* [What you will do]:
Nothing but the lines from the one containing "Over ‘Rakaia rivier" to the end of the records that follow should be transcribed, each exactly, with the pictures left out.

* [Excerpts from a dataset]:
■ ■ ■ ■ ■ ■ ■
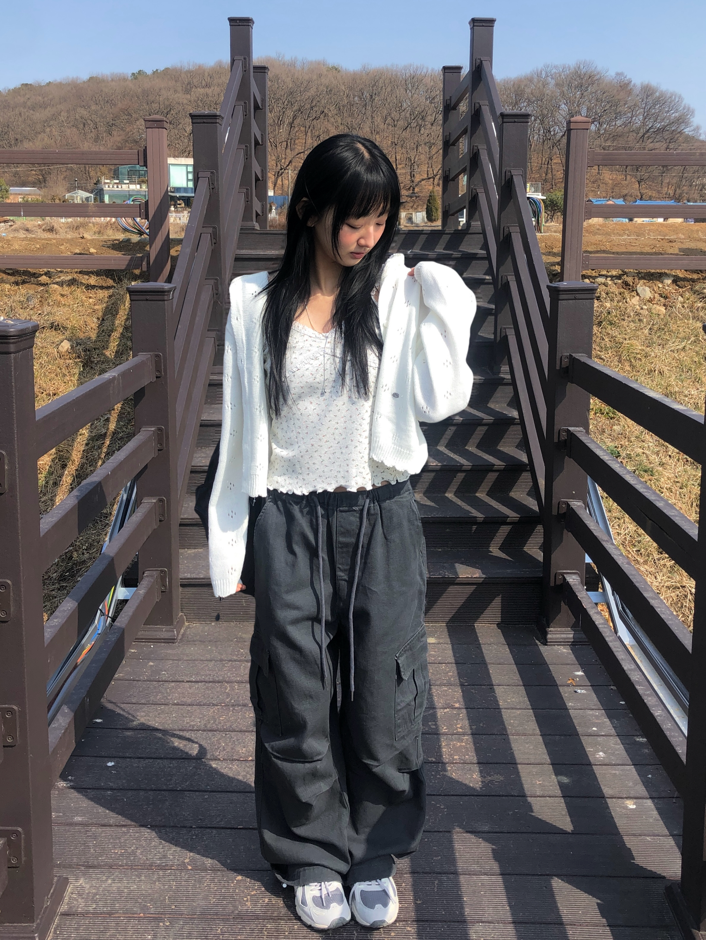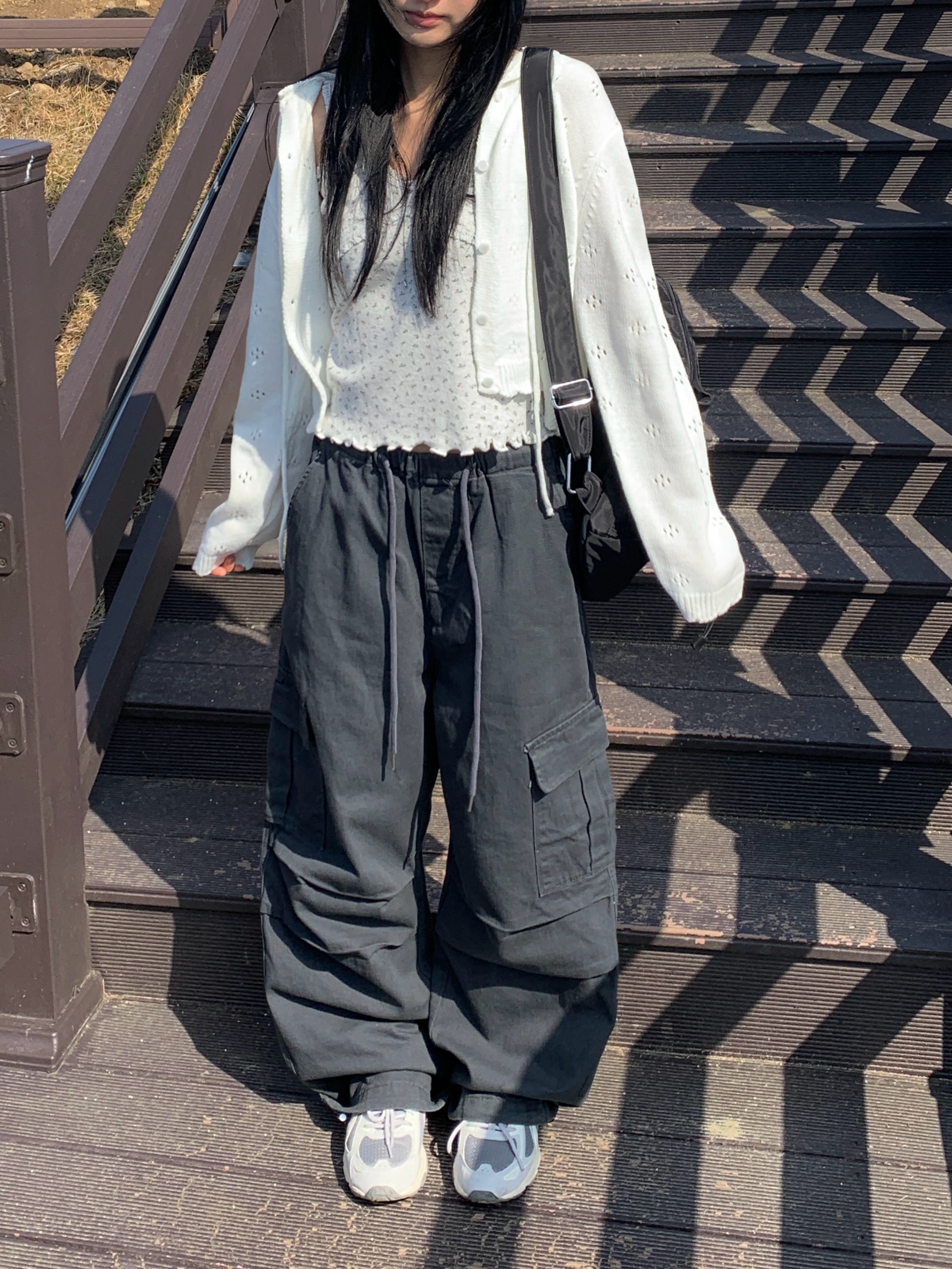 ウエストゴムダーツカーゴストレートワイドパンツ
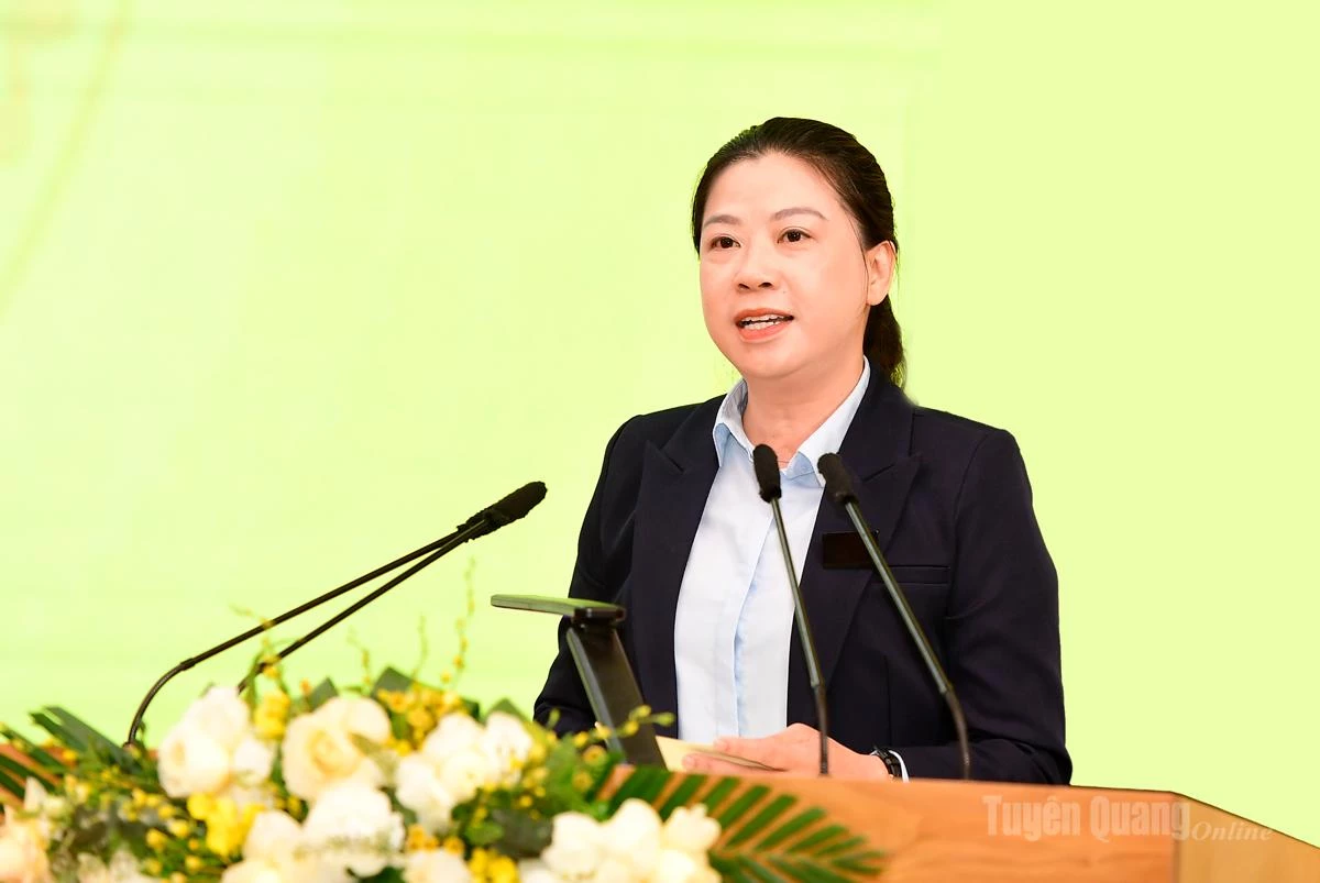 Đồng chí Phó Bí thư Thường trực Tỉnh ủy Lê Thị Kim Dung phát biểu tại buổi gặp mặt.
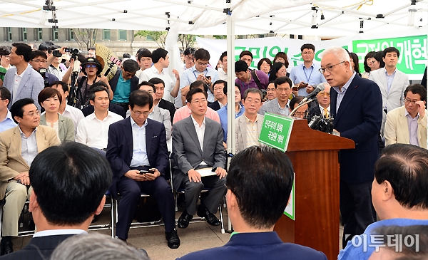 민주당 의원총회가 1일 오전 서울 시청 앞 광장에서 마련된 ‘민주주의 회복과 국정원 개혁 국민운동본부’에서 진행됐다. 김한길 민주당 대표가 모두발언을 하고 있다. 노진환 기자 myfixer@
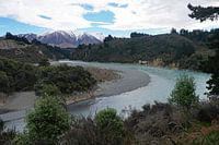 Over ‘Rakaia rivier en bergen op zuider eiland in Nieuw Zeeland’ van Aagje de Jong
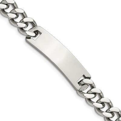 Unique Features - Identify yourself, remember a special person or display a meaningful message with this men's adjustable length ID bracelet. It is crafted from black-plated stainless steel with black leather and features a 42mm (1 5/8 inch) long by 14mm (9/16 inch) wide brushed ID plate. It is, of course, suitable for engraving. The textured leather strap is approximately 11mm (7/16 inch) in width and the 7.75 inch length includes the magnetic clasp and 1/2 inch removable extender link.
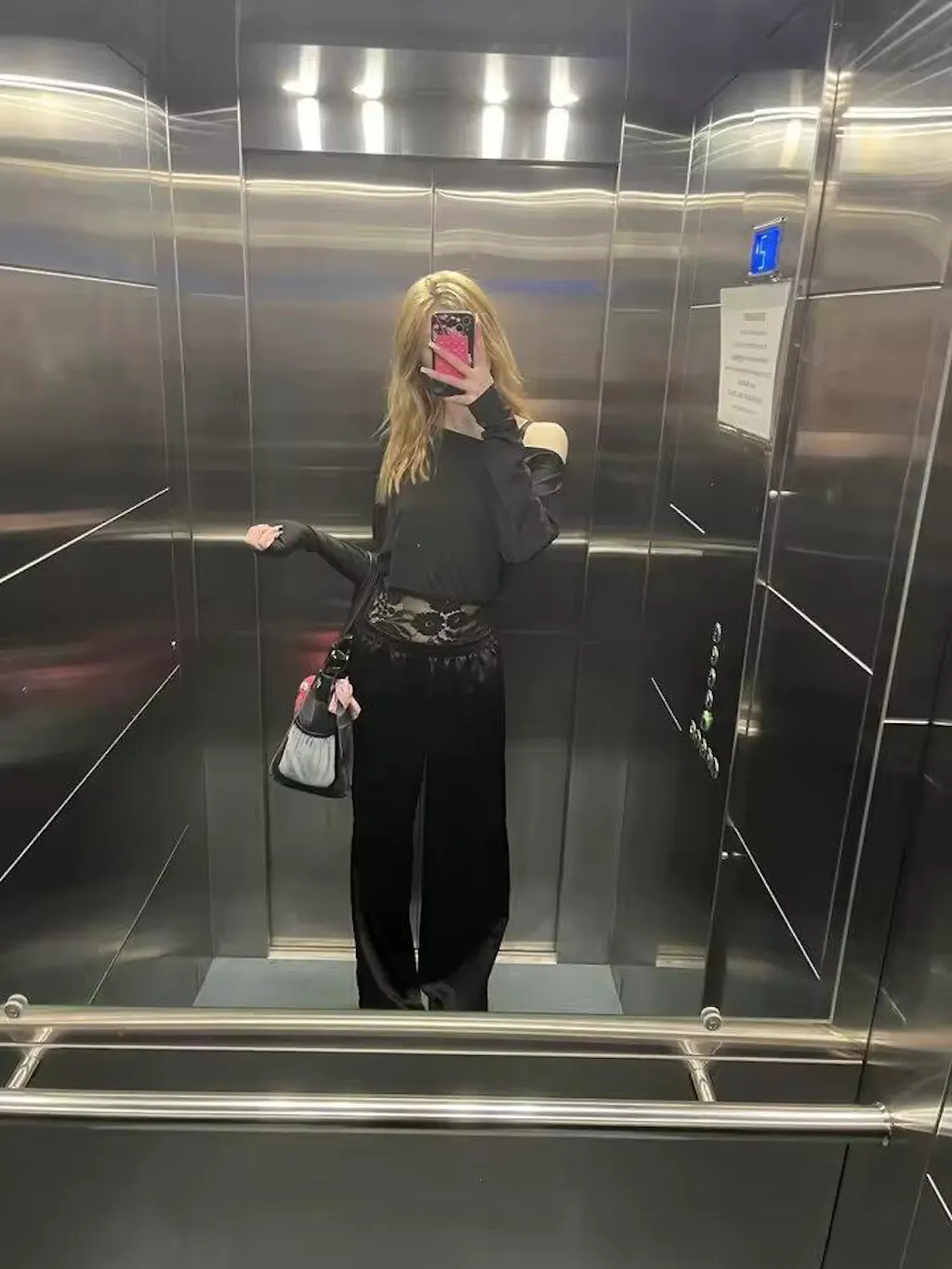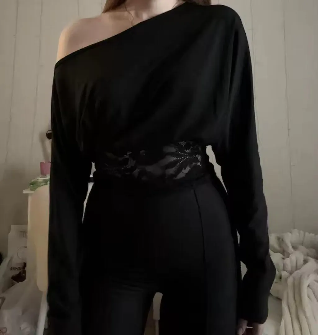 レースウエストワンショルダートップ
■ ■ ■ ■ ■ ■ ■
* [Exercise result]:
 Over ‘Rakaia rivier en bergen op zuider eiland in Nieuw Zeeland’ van Aagje de Jong
 Unique Features - Identify yourself, remember a special person or display a meaningful message with this men's adjustable length ID bracelet. It is crafted from black-plated stainless steel with black leather and features a 42mm (1 5/8 inch) long by 14mm (9/16 inch) wide brushed ID plate. It is, of course, suitable for engraving. The textured leather strap is approximately 11mm (7/16 inch) in width and the 7.75 inch length includes the magnetic clasp and 1/2 inch removable extender link.
 レースウエストワンショルダートップ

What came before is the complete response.